Required work: Without the pictures, set down exactly the lines from the one that contains "The Italian Avanti" to the end of the entries, both included, and nothing besides.
□ □ □
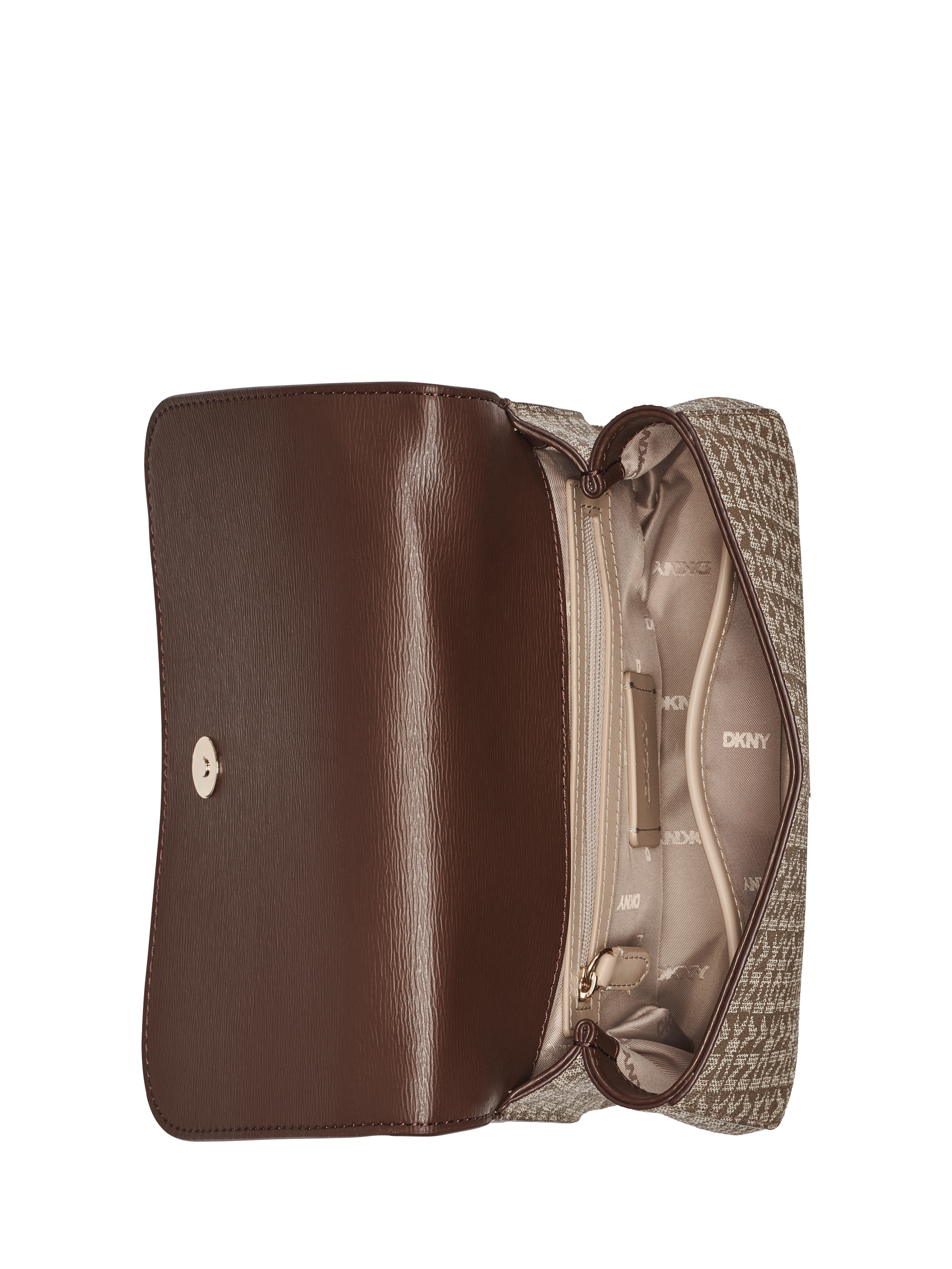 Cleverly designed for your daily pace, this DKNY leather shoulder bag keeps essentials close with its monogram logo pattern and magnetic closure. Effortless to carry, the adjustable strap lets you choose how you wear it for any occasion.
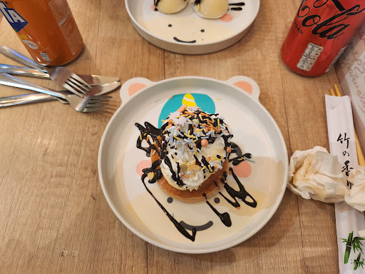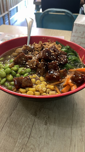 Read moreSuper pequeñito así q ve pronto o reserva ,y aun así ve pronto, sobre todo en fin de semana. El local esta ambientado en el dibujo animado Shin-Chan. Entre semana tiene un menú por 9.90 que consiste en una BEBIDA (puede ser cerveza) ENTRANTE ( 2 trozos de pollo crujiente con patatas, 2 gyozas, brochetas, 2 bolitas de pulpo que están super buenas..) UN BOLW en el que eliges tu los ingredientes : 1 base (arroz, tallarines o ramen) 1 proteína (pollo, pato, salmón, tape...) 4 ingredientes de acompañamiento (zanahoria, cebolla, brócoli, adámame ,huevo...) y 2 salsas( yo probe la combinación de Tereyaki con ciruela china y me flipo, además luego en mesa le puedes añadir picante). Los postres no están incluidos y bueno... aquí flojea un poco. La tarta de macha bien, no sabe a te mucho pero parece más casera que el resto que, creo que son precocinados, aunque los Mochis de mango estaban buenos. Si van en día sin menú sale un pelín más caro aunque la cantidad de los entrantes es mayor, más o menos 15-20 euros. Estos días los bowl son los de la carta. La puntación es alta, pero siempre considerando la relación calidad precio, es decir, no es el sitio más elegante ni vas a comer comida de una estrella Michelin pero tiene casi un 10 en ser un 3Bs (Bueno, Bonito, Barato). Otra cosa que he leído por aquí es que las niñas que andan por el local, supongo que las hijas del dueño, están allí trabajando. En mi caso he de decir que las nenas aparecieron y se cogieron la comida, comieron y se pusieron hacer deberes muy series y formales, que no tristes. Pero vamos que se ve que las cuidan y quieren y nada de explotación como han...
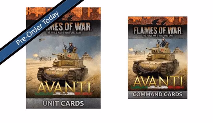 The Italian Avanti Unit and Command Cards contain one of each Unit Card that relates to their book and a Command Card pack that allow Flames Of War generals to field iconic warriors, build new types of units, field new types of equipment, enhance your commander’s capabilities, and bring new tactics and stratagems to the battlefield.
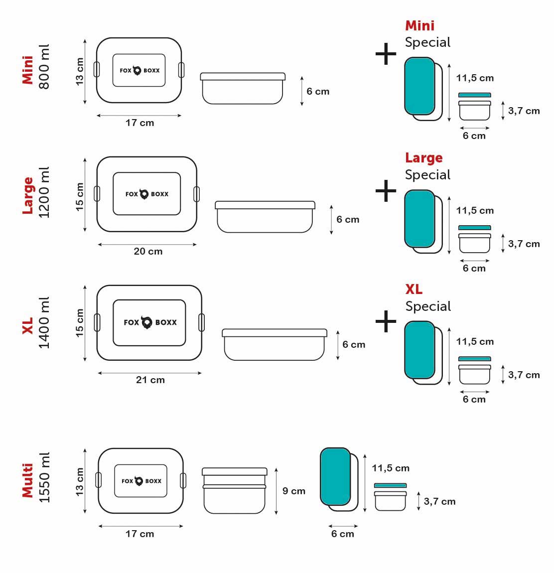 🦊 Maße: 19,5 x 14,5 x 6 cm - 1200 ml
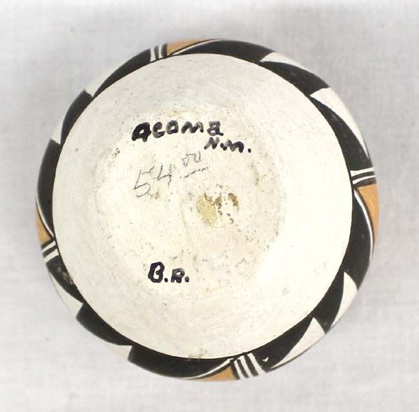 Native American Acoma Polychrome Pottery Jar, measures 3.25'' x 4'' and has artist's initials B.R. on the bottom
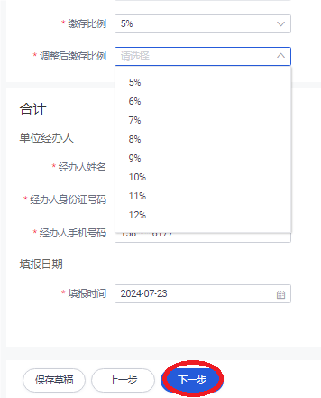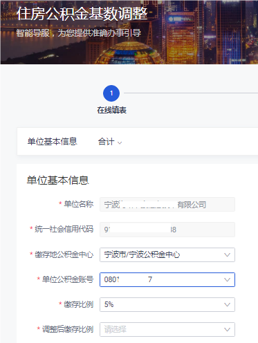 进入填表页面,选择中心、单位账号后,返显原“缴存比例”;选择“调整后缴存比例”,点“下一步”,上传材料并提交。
□ □ □
Result of this exercise:
 The Italian Avanti Unit and Command Cards contain one of each Unit Card that relates to their book and a Command Card pack that allow Flames Of War generals to field iconic warriors, build new types of units, field new types of equipment, enhance your commander’s capabilities, and bring new tactics and stratagems to the battlefield.
 🦊 Maße: 19,5 x 14,5 x 6 cm - 1200 ml
 Native American Acoma Polychrome Pottery Jar, measures 3.25'' x 4'' and has artist's initials B.R. on the bottom
 进入填表页面,选择中心、单位账号后,返显原“缴存比例”;选择“调整后缴存比例”,点“下一步”,上传材料并提交。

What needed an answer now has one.